Co-Authored by Leah D. Smith and David J. Lick
“Sperm are cheap and eggs are expensive.” For decades, psychologists have relied on this mantra to explain why women are sexually choosy and men are sexually promiscuous. However, if women are so prudish, who exactly are men getting lucky with? Perhaps “sperm are cheap and eggs are expensive” is only half of the story, and something besides the scarcity of their eggs drives female sexuality … In a classic study by Clark and Hatfield (1989), women solicited a one-night stand to male strangers and men solicited a one-night stand to female strangers on a college campus. Results showed that men were much more willing to accept sex with a stranger than were women.
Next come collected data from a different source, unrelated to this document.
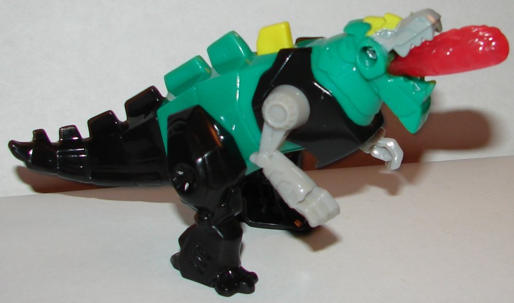 Grimlock has a very cool feature. He has a switch on the bottom. In one position his missile lights up, in the other it fires the missile. He’s one of the better ones in the set.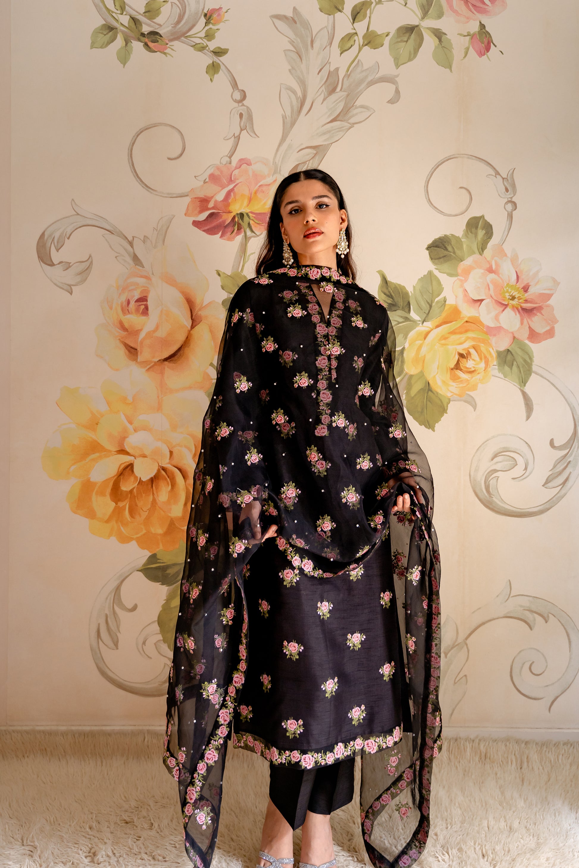 Crafted from organza, the Miniflora Dupatta features delicate cross stitch motifs & border with pearl chan detail.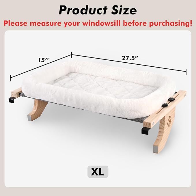 AMOSIJOY Cat Sill Window Perch Sturdy Hammock Window Seat with Cushion Cover, Wood & Metal Frame for Large Cats, Easy to Adjust Cat Bed for Windowsill, Bedside, Drawer and Cabinet (XL)

In fact, women declined casual sex offers 100 percent of the time; men only declined casual sex offers 25 to 31 percent of the time. These findings dramatically demonstrated that men and women differ in their mating behaviors, with women appearing sexually prude compared to men. The study became quite influential in academic psychology, and it has been cited in over 350 published reports.
Despite the startling results of Clark and Hatfield’s (1989) study, it is possible that differences in the solicitors influenced the results. That is, women might have perceived male solicitors as aggressive and violent, while men might have perceived female solicitors as nurturing and warm. Perhaps women avoid casual sexual encounters with unfamiliar partners because they want to avoid potentially unpleasant or dangerous sexual experiences, and men accept these encounters more readily because they expect women to be nurturing, pleasant sexual partners.
Psychologist Terri Conley (2011) recently explored these possibilities by reconstructing the Clark and Hatfield study with several new manipulations. In particular, Conley (2011) found that women and men do indeed have different perceptions of one another in a casual sex scenario: female solicitors were considered warmer, more generous, and better sexual partners overall than were males. To test whether these perceptual differences influenced peoples’ willingness to accept casual sex offers, she examined whether bisexual women were more likely to accept a casual sexual encounter with another woman than with a man. As expected, bisexual women were much more likely to accept casual sex offers from women than from men.
Conley (2011) conducted a second study that asked participants to consider whether or not they would accept a casual sex proposition from their best friend of the opposite sex. Initially, it appeared that women were less likely than men to accept such an offer. However, when controlling for perceived sexual capabilities of the partner, women accepted the propositions just as often as men. This finding suggests that one’s expected receipt of sexual pleasure is a strong determinant of human sexuality, and that differences in the perceived sexual capabilities of partners provide the best explanation for different mating behaviors between the sexes. That is, men tend to be perceived as less sexually capable than women, which might be why most women might turn down casual sex offers from male proposers.
Conley (2011) also tested whether women would be more willing to accept casual sex with an attractive celebrity than with an unattractive celebrity. Intriguingly, women were just as likely to say “yes” to Johnny Depp and “no” to Donald Trump as men were to say “yes” to Angelina Jolie and “no” to Roseanne Barr. Thus, it appears that under the right circumstances, women are just as interested in casual sex as are men. This is especially true if the proposer is female, perceived to be sexually capable, and physically attractive.
Boiling sexual behavior down to eggs and sperm suggests that women are less interested in casual sex than are men. Indeed, classic psychological studies seemed to confirm this presumption. However, more recent research shows that social factors play an important role in determining mating behaviors, and when we account for these social factors, women are not necessarily opposed to casual sex (see Conley, 2011). In fact, if a sexual proposal comes from someone who is viewed as safe, familiar, attractive, and supposedly pleasurable, then women are as likely as men to accept a casual sex offer. So dust off those Kama Sutra books, boys, because when it comes to getting a woman to sleep with you, safety and sexual prowess can be strong aphrodisiacs.
Clark, R. D., & Hatfield, E. (1989). Gender differences in receptivity to sexual offers. Journal of Psychology & Human Sexuality, 2, 39-55.
Conley, T. D. (2011). Perceived proposer personality characteristics and gender differences in acceptance of casual sex offers. Journal of Personality and Social Psychology, 100, 309-239.